La population québécoise prise en otage

Tribune libre


« Passer la nuit pour avoir un médecin [de famille] » titrait la chaîne LCN, dans son édition du samedi 9 janvier 2010. La journaliste Chantal Leblond commentait ainsi la photo envoyée par un téléspectateur Donald Poirier dans le cadre de la rubrique Mon topo, une section réservée aux téléspectateurs.
Selon la journaliste, une centaine de personnes faisait la file dehors pour avoir un médecin de famille par un temps très froid. Donald Poirier, l’auteur de Mon topo disait avoir attendu plus de 13 mois pour avoir un médecin de famille.

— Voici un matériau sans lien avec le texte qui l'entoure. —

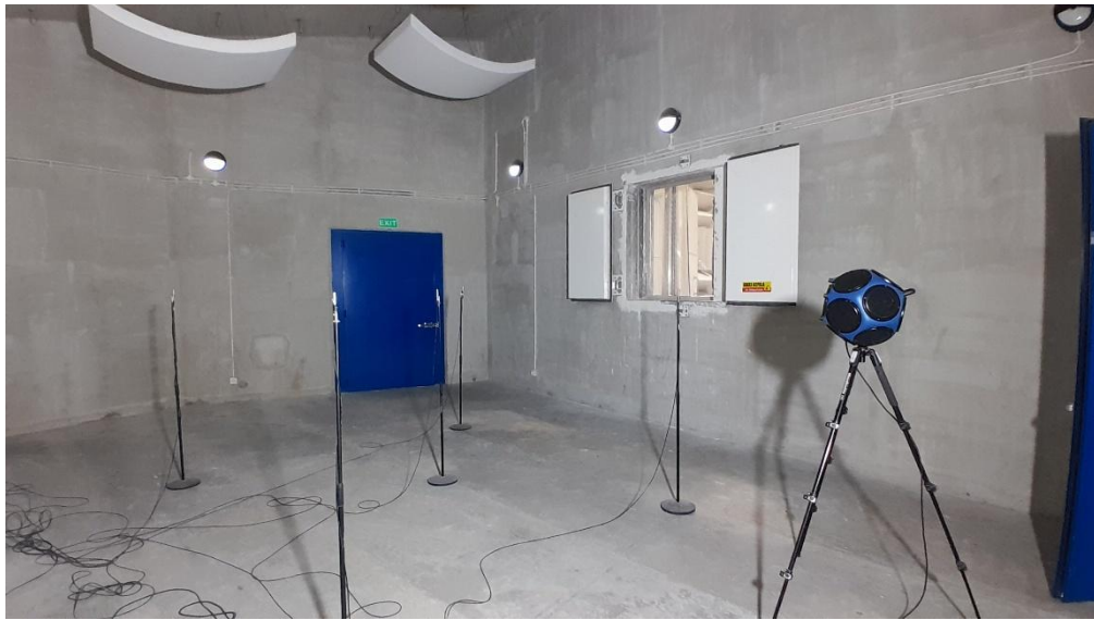
Figure 5. Microphone distribution during measurement.

Il a voulu sauter sur l’occasion de figurer parmi la cinquantaine de patients que le médecin de famille, arrivé en septembre 2009 à Sept-Îles, a voulu ajouter dans sa liste de patients. Cette problématique témoigne une fois de plus la situation dans laquelle les Québécois sont plongés depuis des années.
La rapidité de la prise en charge du patient laisse à désirer. Une étude de l’Institut Fraser publiée au mois d’octobre 2009 révélait que « le délai avant de recevoir un traitement ou subir une chirurgie est de 16, 6 semaines » . (Les délais d'attente restent trop longs dans les hôpitaux. Marie-Eve SHAFFER – Métro Montréal – 30 octobre 2009). Pire encore, le temps d’attente est très long au niveau des hôpitaux (parfois plus de huit heures d’attente entre le temps de passer au triage et de voir un médecin) mais aussi les délais d’attente pour le traitement de certaines maladies par les spécialistes sont trop longs. Les patients québécois prennent leur mal en patience puisqu’ils attendent en moyenne 8,2 semaines avant de se faire traiter par un médecin spécialiste .
L’engorgement des urgences n’est pas prêt de se résorber. En 2010, le temps d’attente a été souvent évoqué dans les joutes oratoires à l’Assemblée nationale du Québec.
« Le critique péquiste en matière de santé, Bernard Drainville , a indiqué que, sept ans plus tard, «l'attente dans les urgences n'a jamais été aussi élevée»: 17 heures et demie en moyenne. Quelque 50 000 personnes ont attendu plus de 48 heures, comparativement à 40 000 l'an dernier. M. Bolduc avait promis «beaucoup d'améliorations» lorsqu'il est entré en fonction, en 2008. «Deux ans plus tard, les résultats non seulement ne sont pas là, mais c'est un échec patent, a lancé M. Drainville. Jusqu'à maintenant, il n'a absolument pas fait la preuve qu'il était le soi-disant expert dans la gestion des salles d'urgences qu'il prétendait être lorsqu'il est devenu ministre de la Santé.»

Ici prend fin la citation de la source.